Between hipster hangout Peckham and upmarket East Dulwich lies the pretty suburb of Nunhead. Despite its Zone 2 location, decent transport links and village quality (think high street butcher and fishmonger), Nunhead is still relatively overlooked by potential investors. But not for long. In recent years both Southwark Council and the Mayor of London have invested £1.2 million into the area to improve public spaces, greenery and the high street. Unusual for a prime London location, Nunhead has scant new-build developments and the kind of pretty period properties that are catnip to young families, but the area is also said to be attracting a younger crowd priced out of east London and Peckham.

WEST

White City

Soho House White City

True, there aren’t many pockets of west London (within the North Circular anyway) that could be labelled ‘affordable’ but, being considerably less leafy and – let’s face it – attractive than its neighbours, White City is one of the last few places you can pick up a real bargain.

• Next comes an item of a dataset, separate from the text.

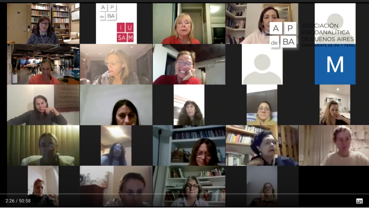 Este zoom tiene unos 30 miembros estables durante el mes y cuenta con una concurrencia de entre 60 y 70 participantes. Está dirigido por Sara Zac, Diana Zac, Isabel Mansione y Noemí Milton . Por encuentro participan entre 60 y 80 personas de Buenos Aires, Mendoza, Misiones, Entre Ríos y Córdoba. Se realiza los jueves de 18 a 19 mediante ApdeBa y la única condiciones es inscribirse previamente en el mail cursos@apdeba.org.

White City has location in its favour, being on the Central line and a stone’s throw from love-it-or-loathe-it Westfield shopping centre, which unveiled the results of a £600 million expansion earlier this year, including 450 new retailers (upon completion) and outdoor events space.

The biggest driver of change in W12 is the £200 million transformation of the BBC Media Village, now known as White City Place. This 17-acre site sits adjacent to the sprawling new Imperial College campus and will eventually see 5,000 new homes and two million square feet of office space. Developer Stanhope snapped up Television Centre, the BBC’s 1960s headquarters, for £200 million in 2012 and have set about transforming it into 950 apartments, office space, restaurants and – most tantalisingly – a new branch of Soho House located in the Grade II-listed ‘doughnut’ building, which opened in April. Echoing the sentiments of local estate agents and developers that London’s creative shift is moving back west, Soho House’s Nick Jones said he feels ‘strongly that the whole area will pop and change dramatically over the next few years. Just like Shoreditch used to be, White City was thought of as quite dodgy,’ he added, ‘but it’s changed. And when a building like the TV Centre becomes available, it’s hard to turn it down.’